- [Source material]
*** Block opens ***

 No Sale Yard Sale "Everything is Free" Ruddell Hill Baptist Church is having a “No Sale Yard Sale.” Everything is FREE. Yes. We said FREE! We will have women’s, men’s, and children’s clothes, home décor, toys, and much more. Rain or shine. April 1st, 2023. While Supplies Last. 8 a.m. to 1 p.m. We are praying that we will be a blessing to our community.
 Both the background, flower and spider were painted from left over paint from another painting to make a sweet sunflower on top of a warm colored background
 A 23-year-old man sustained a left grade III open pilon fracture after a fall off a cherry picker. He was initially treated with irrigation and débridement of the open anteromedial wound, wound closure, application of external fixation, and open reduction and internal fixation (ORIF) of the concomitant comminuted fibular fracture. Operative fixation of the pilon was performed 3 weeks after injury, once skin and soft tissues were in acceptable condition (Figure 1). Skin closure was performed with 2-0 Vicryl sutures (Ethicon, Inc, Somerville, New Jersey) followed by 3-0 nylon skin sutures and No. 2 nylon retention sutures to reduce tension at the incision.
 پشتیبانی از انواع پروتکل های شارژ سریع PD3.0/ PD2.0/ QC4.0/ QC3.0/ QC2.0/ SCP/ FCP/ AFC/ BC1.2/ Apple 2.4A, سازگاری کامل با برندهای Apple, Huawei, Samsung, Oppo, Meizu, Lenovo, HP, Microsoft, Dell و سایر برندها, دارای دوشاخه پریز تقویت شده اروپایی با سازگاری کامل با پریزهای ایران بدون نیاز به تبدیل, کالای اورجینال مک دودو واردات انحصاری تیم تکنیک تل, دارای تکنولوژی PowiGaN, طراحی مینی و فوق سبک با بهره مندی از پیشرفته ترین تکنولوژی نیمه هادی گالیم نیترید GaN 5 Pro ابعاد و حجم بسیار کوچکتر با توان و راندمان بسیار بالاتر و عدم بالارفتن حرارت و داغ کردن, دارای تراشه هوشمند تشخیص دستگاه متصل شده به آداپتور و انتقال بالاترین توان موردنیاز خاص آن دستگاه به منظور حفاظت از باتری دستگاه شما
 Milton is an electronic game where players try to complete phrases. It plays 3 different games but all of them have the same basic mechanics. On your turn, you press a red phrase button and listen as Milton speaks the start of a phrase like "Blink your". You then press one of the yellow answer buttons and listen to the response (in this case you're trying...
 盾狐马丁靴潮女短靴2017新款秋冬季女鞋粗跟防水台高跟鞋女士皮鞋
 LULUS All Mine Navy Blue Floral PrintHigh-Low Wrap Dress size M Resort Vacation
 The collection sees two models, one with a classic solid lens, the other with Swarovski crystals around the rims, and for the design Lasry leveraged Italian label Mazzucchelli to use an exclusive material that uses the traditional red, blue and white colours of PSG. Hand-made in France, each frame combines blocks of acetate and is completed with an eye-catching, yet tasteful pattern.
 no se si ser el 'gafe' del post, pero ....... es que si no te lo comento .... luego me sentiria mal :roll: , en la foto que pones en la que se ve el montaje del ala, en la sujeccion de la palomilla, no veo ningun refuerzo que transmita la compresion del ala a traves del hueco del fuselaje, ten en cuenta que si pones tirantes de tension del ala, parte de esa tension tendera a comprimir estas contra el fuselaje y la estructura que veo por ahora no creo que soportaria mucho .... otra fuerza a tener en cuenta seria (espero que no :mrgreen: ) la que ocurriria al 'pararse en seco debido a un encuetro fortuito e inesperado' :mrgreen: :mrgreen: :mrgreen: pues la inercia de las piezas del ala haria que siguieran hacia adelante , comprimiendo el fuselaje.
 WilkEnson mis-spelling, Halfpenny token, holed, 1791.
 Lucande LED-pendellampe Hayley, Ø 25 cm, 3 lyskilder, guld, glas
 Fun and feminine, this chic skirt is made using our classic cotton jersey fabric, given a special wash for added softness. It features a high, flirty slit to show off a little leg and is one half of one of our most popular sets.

*** Block closes ***
*** Block opens ***

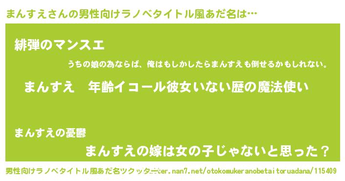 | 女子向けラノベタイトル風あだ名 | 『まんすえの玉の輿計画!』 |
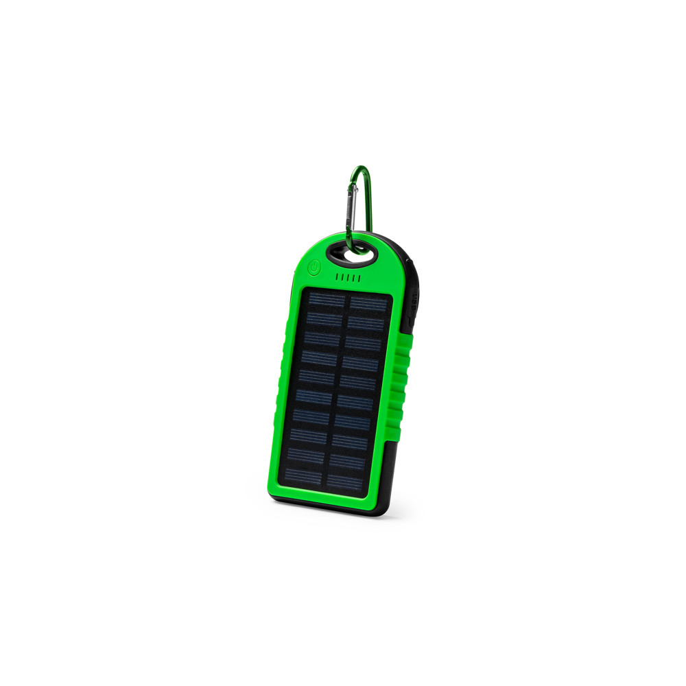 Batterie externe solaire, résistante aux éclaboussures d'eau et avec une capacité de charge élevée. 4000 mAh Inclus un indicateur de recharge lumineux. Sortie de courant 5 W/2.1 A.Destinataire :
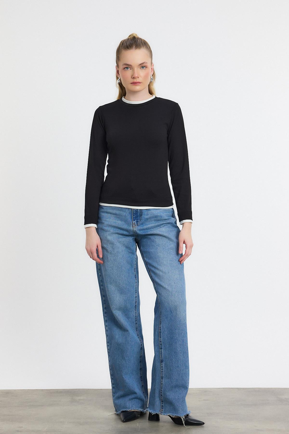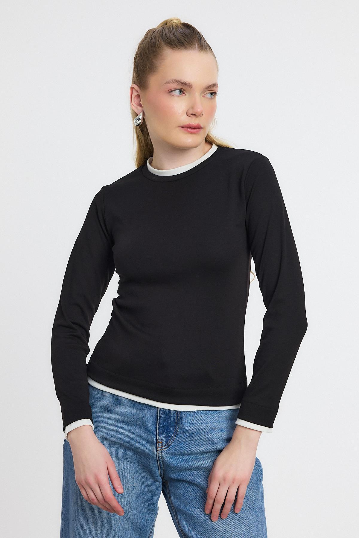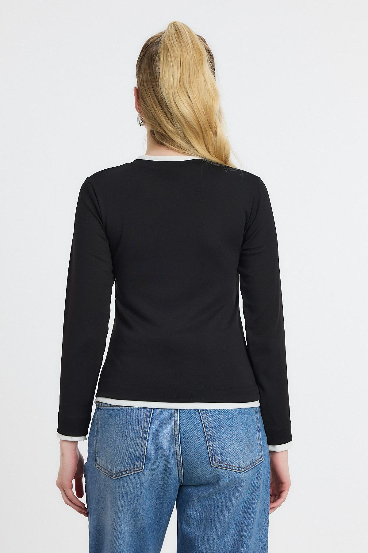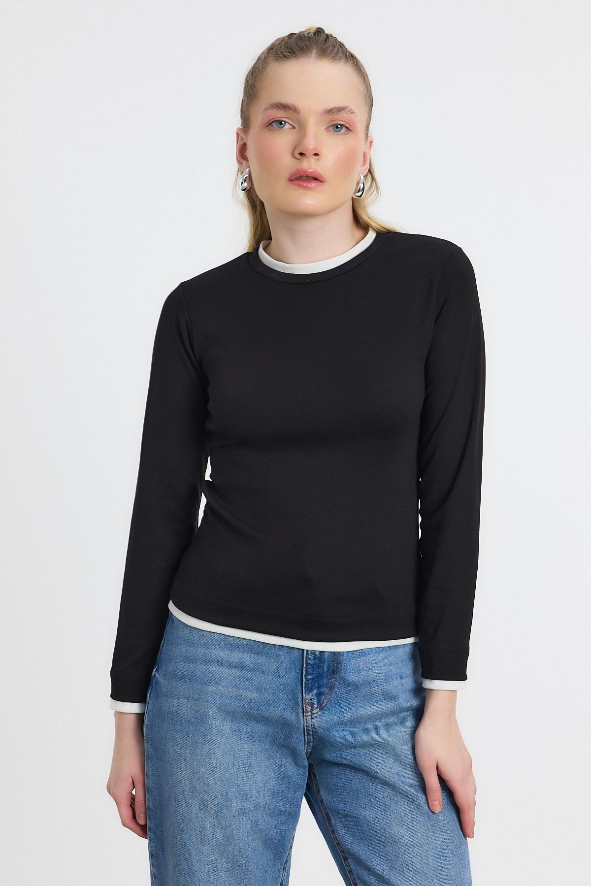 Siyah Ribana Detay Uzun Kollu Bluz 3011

*** Block closes ***

- [Required action]
Wherever "have" appears in the listing, report the line it is on.

- [Answer box]
 No Sale Yard Sale "Everything is Free" Ruddell Hill Baptist Church is having a “No Sale Yard Sale.” Everything is FREE. Yes. We said FREE! We will have women’s, men’s, and children’s clothes, home décor, toys, and much more. Rain or shine. April 1st, 2023. While Supplies Last. 8 a.m. to 1 p.m. We are praying that we will be a blessing to our community.
 Milton is an electronic game where players try to complete phrases. It plays 3 different games but all of them have the same basic mechanics. On your turn, you press a red phrase button and listen as Milton speaks the start of a phrase like "Blink your". You then press one of the yellow answer buttons and listen to the response (in this case you're trying...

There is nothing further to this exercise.